Latinos and HIV/AIDS: A Call to Arms for Gay and Bisexual Men
October 15, 2012 by Guest contributor
This post comes from Daniel Montoya, Deputy Executive Director of the National Minority AIDS Council:
Twenty-five years ago, I was a young gay man living and attending college in Austin, Texas. While Austin was and is a relatively progressive city, in the mid-80s, it seemed a world away from the gay meccas of San Francisco and New York City. Coming out was not an easy process, and living as an openly gay man posed a whole host of challenges. Still, it was important to me to be truthful about who I was and fight for full equality. At the time, I never could have imagined the huge strides that our community would make over the next two and a half decades.
As a young gay man attending college in Austin, I also experienced what had become a right of passage for so many gay men of my generation – I was diagnosed with HIV. At the time, very little treatment was available. AZT had just been approved, but its affects were extremely toxic and the life expectancy of someone diagnosed with HIV was terrifyingly short. Once again, I could not have imagined the monumental advances that would be made in the treatment and prevention of HIV that today have kept me healthy and placed us in the position to realistically envision an end to this terrible epidemic.
Unfortunately, while much has changed, one thing has remained constant. Gay and bisexual men, as well as transgender women, continue to be the populations most severely impacted by HIV, especially gay men of color. In 2009, gay and bisexual men accounted for 61 percent of all new HIV infections. The trends are even more alarming for young gay men. Those between the ages of 13 and 29 accounted for 69 percent of all new HIV infections in that age group and 44 percent of all new HIV infections among gay and bisexual men. Latino gay and bisexual men are the second most heavily impacted population in the U.S., behind black gay men.
October 15 is National Latino AIDS Awareness Day (NLAAD), an important opportunity to highlight the issues that fuel the epidemic and persistent health disparities facing the Latino community. As a gay Latino man who has been living with HIV for almost 25 years, I understand all too well the factors that contribute to the disproportionate impact of HIV/AIDS on Latinos, some of which apply to other communities of color like poverty, increased incarceration rates, access to quality health care, and others like language barriers, which mostly affect communities with high immigrant populations. And while there is no singular “Latino culture,” the general premium placed on machismo may also serve to further stigmatize gay Latino men, increasing their vulnerability to HIV.

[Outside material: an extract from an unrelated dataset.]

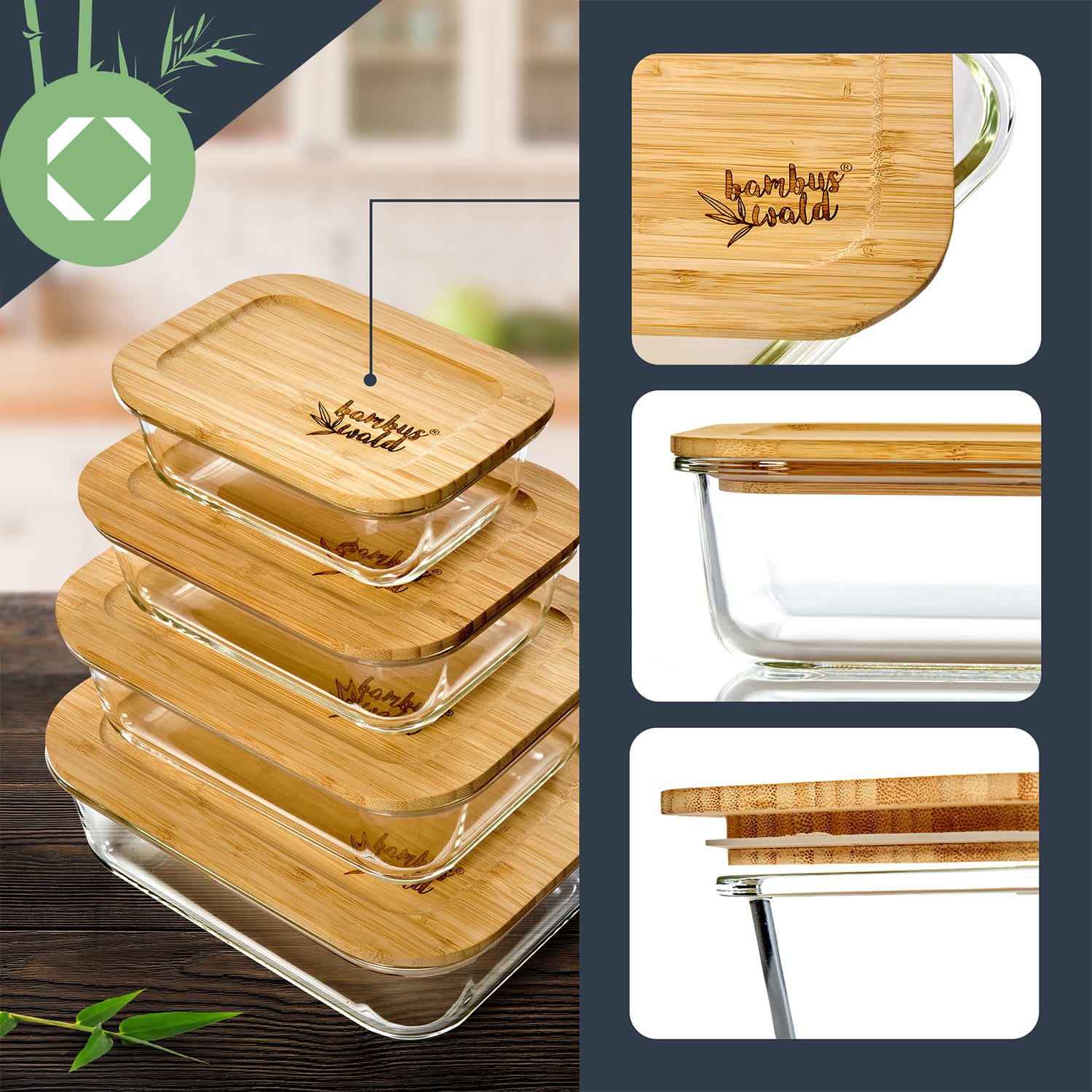 Klarstein Súprava hranatých dóz na skladovanie potravín, súprava 4 kusov, rôzne veľkosti, sklo, bambusový vrchnák – Kúpiť

Awareness days like NLAAD provide occasions to raise the profile of issues that drive epidemics among specific populations, but they do much more. NLAAD reminds us all that HIV/AIDS continues to be a major public health crisis in this country, both for communities of color and in particular for gay and bisexual men. We have the tools to solve the crisis, but not without the commitment and dedicated action of the American public, especially those that are most vulnerable to HIV. Last week, NMAC unveiled the Declaration to End HIV/AIDS in America, asking organizations and individuals to join us in the fight to end this epidemic. Today, as a Latino gay man living with HIV, I renew my commitment to doing everything in my power to make HIV/AIDS history. I hope that you will join me.